Silver Sindhu refuses to rest on her laurels as the BWF World Championships shows

PV Sindhu might have lost the women's singles final match at the BWF World Championships but still deserves to be the toast of the nation.

PV Sindhu reacts as she plays against Japan's Nozomi Okuhara during the finals of the 2017 BWF World Championships. Photo credit: Andy Buchanan / AFP

They say that you don’t win a silver medal but lose a gold medal. On Sunday night, after a gallant effort to win gold in the BWF World Championships in Glasgow, India’s PV Sindhu proved that you could win silver as well. Just two players in the world were good enough to play the final. Japan’s Nazomi Okuhara nosed ahead when it mattered but Sindhu could be proud of her silver.

The biggest takeaway is the hunger that Sindhu showed on the big stage. Unlike some contemporaries in other sport who have been unable to overcome distractions that come along with success and fame, she has stayed focused on delivering consistent performances in the year after winning Olympic silver, especially on the grand platform.

Clearly, Sindhu does not believe in resting on her oars. And that will serve as motivation for not only those chasing sporting success but also for those wanting to achieve more in life. She is still 22 and it may be too early to compare her hunger with that of Indian legends like Sachin Tendulkar, Abhinav Bindra, Leander Paes, V Anand, Pankaj Advani or Gagan Narang.

She started 2017 with a title win in the Syed Modi International Challenge and had a fine run to India Open gold when she beat compatriot Saina Nehwal, Korean Sung Ji Jyun and Spanish Olympic champion Carolina Marin. That was the early indication of the fact that Sindhu had averted the danger of satisfaction acting as the handbrake to her career aspirations.

But there was also some disappointment with quarterfinals losses in the All-England Open, Singapore Open, Asia Championships and Australian Open, not to speak of earlier exits from Malaysia Open and Indonesia Open.

With Saina Nehwal winning the Malaysian Masters Grand Prix Gold tournament, the focus through the first half of the year was on Indian men like Kidambi Srikanth and Sai Praneeth. Sindhu did appear to be flying under the radar, learning from each of her defeats as she readied herself to make an impression in the biggest tournament of the year.

A facile win against Korean Kim Hyo Min in the second round was followed by hard-fought victories over Hong Kong’s Cheung Ngan Yi and China’s fifth-seeded Sun Yu. The apparent ease with which she beat back ninth-seeded Chinese Chen Yufei’s challenge in the semifinals was a treat to watch.

But nothing, not even Nozomi Okuhara’s victory over Saina Nehwal, prepared us for the spectacle that unfolded in the final. The two 22-year-old players were like gladiators, trading blow for blow, their strength and endurance on show. They were running, gliding and flinging themselves to unfurl a wide range of strokes in defensive and aggressive modes.
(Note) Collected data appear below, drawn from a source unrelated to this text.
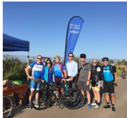
Bike to Work Day

Awarding students from Rancho Peñasquitos schools for their community service.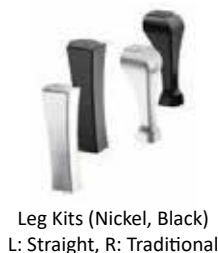
Leg Kits (Nickel, Black) L: Straight, R: Traditional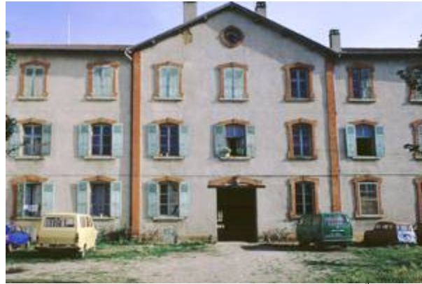
France, Saint Siméon de Bressieux – Social housing, 19 th century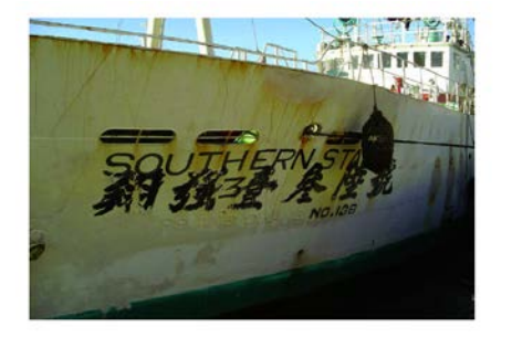
Photo available for IUU vessel with Serial number: 20050001. See below:

Photos available from IOTC for IUU vessels with Serial numbers: 20100004, 20130003, 20130004, 20150014, 20150024, 20150026, 20150033, 20150042, 20150043, 20150044, 20150046, 20150047, 20170013, 20170016, 20170017, 20180001, 20180002, 20180003, 20180004, 20180005, and, 20190002. See the reference documents in: https://www.iotc.org/vessels#iuu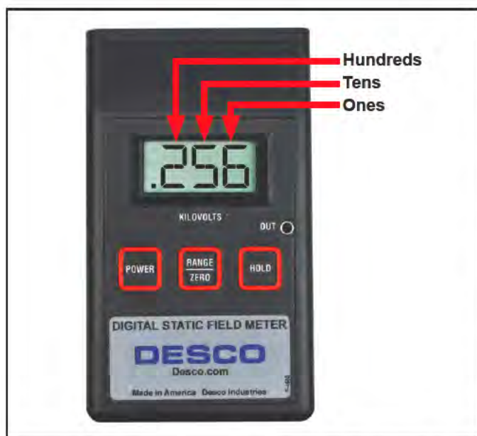
Figure 4. Reading the Digital Static Field Meter while in the \pm 2\text{kV} range

Note: This aspect ratio should be at least 3 for best accuracy, i.e. the object should be at least a 3 inch (75mm) square when measuring at a 1 inch (25mm) distance. Accurate measurements may be made at other measurement distances by scaling the meter range and observing the proper aspect ratio. For example, at a measurement distance of 3 inch (75mm), multiply the meter reading by 3 to give a range of 0 to 60 kilovolts. For accuracy, the object being measured at this distance should be at least a 9 inch (230mm) square.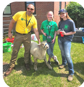
Picture taken at VA Dairy Days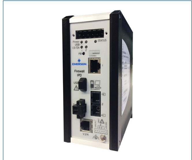
Figure 1 – The DeltaV™ Controller Firewall provides additional security protection for your DeltaV controllers.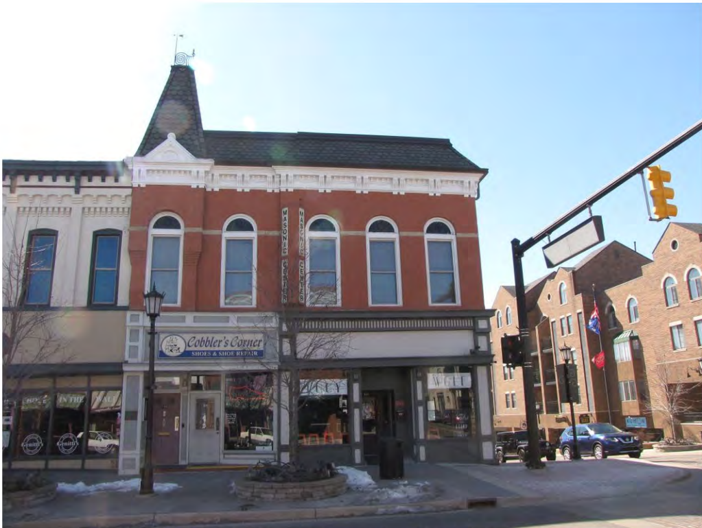
Main East 102-106 and Center South 113_Looking South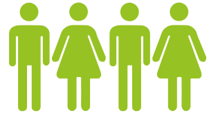
Four Faculty Representatives elected by all students in the faculty.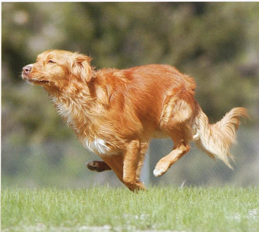
TOP DOG PHOTOS

The Nova Scotia Duck Tolling Retriever Club (USA) offers a judges' PowerPoint presentation and corresponding materials. E-mail: IsToller@aol.com; web: www.nscdtrc-usa.org.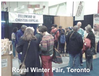
Royal Winter Fair, Toronto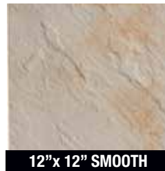
12"x 12" SMOOTH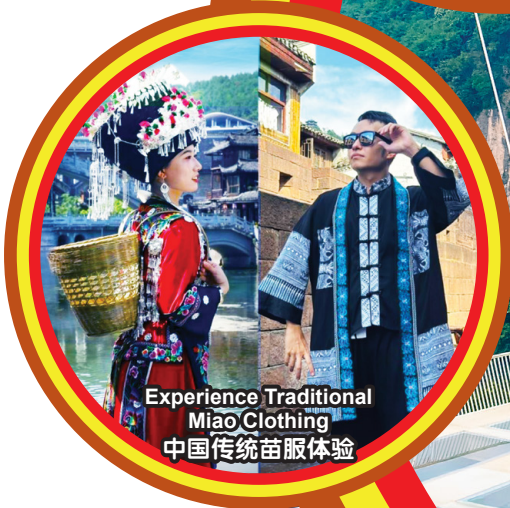
Experience Traditional Miao Clothing 中国传统苗服体验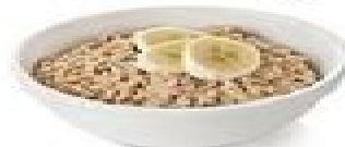
1/2 Cup Oat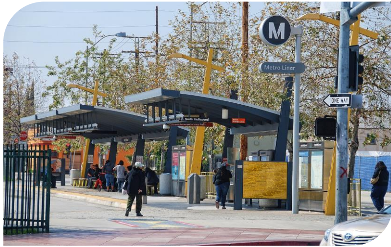
Example of a Small TTF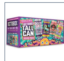
mixed pack example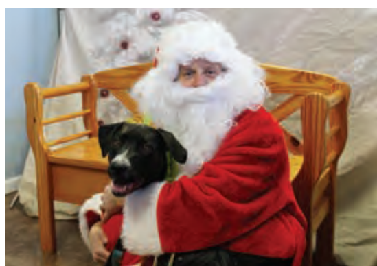
Pepper and Santa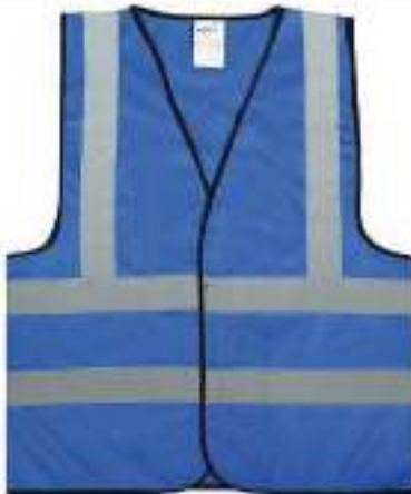
STYLE NO: HJD BRAND: VAULTX REFLECTIVE FABRIC VEST - 116 GSM SIZE: S-5XL ORIGIN: CHINA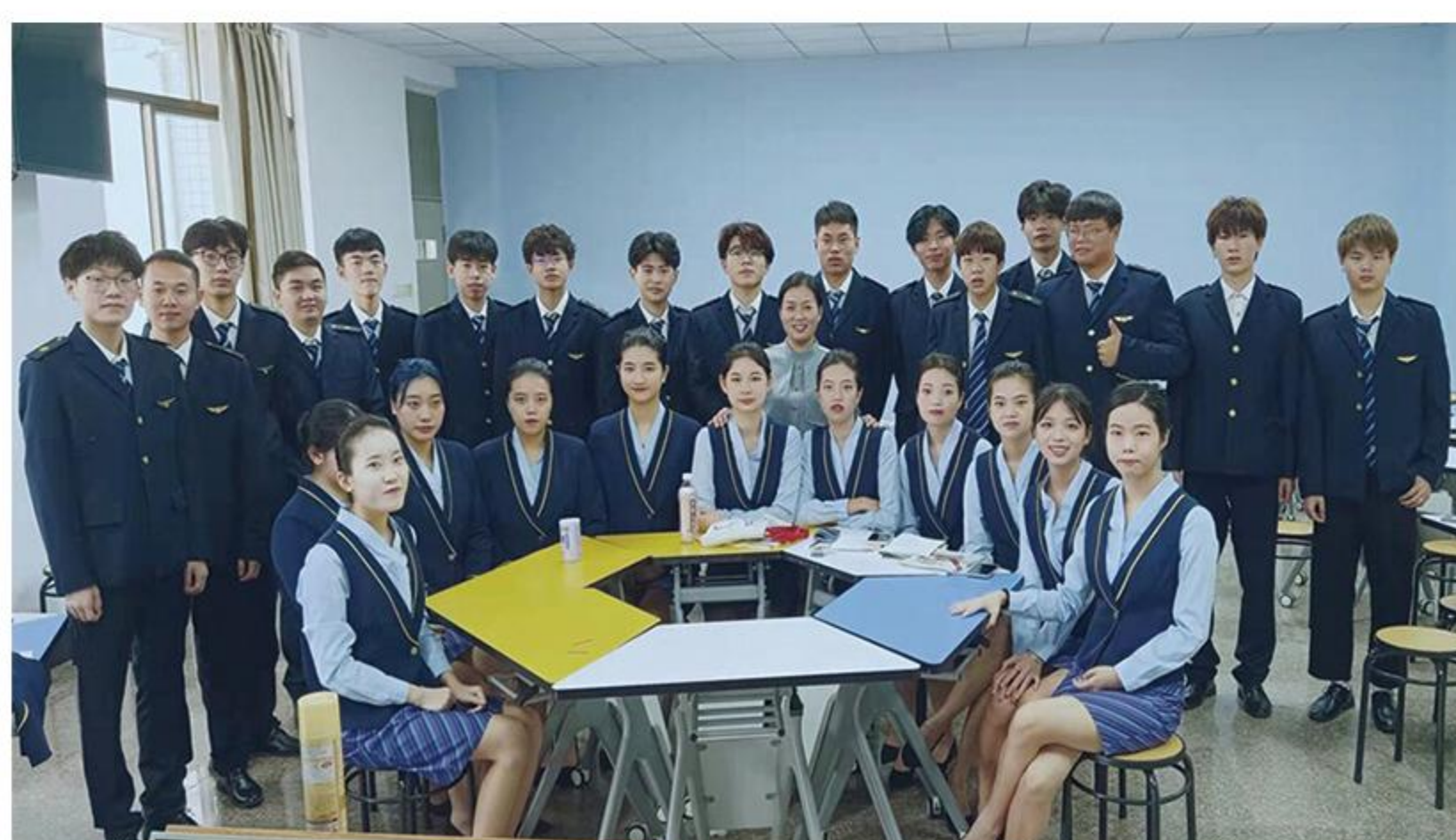
Students of Education and Tourism School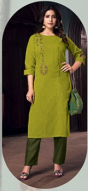
DESIGN NO : - 2824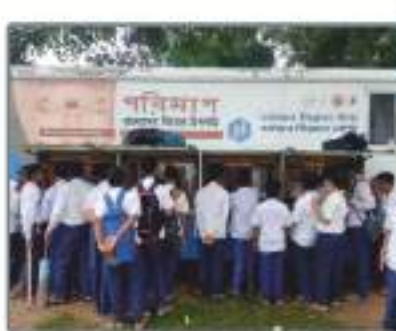
Mobile Science Exhibition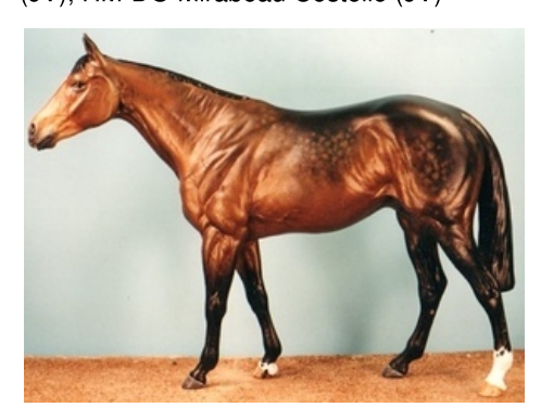
CHAMPION SPORT BREED: BRIMSTONE (JC)

Other Pure or Mix Sport Breeds (25): 1-The Bluesmobile (AC), 2-Jigen (AC), 3-Nafzieger (BR), 4-Solid Citizen (CM), 5-Kamtara Colorado Autumn (JV), 6-PR Murphy Brown (JV), 7-PR Wharram Percy (JV), 8-Fiesta Time (SS), 9-PHF Modesty Blaise (JV), 10-Seldovia Broadway Star (JV), HM-DO Mirabeau Costello (JV)

It was a veritable treat for fans.

As the Japanese star overturned a match point and won final three points in-a-row to emerge world champion, forcing all of India to sigh in disappointment, Sindhu was graceful in defeat and generous in her praise of Nazomi Okhuhara’s skills and stomach for battle. The respect for her opponent is among the hallmarks of a champion.

There was evidence of the fact that work will resume sooner than later. For, coach P Gopichand said there are lessons to be learnt from the final. Calling Sindhu a work in progress, he said she wasn’t sharp enough, got predictable and needed more weapons. “Gritty was not good enough tonight,” he said, revealing that the quest for excellence is an endless and consuming journey.

Sport – like life – offers its exponents the chance to either wring their hands in despair or find ways to get better, add new layers of tricks to their game. On the basis of what we have seen since her Olympic silver, you can be sure that Sindhu will set off in search of those extra weapons that can fetch her gold in the Olympic Games in Tokyo in 2020.

Yes, Sindhu will make for fascinating watching over the next three years. It is such a relentless pursuit of perfection that will spark hundreds of journeys across the country. Yes, her World Championship silver medal will combine with her Olympic Games silver to inspire a generation of youngsters to take up sport.

And the manner in which she has conducted herself and the zest to show that she had not let anything – awards, rewards, honours and fame – come in the way of her desire to be the best player she can possibly be. Not having lost gold but having won silver on Sunday night, Sindhu is deservedly the toast of the nation.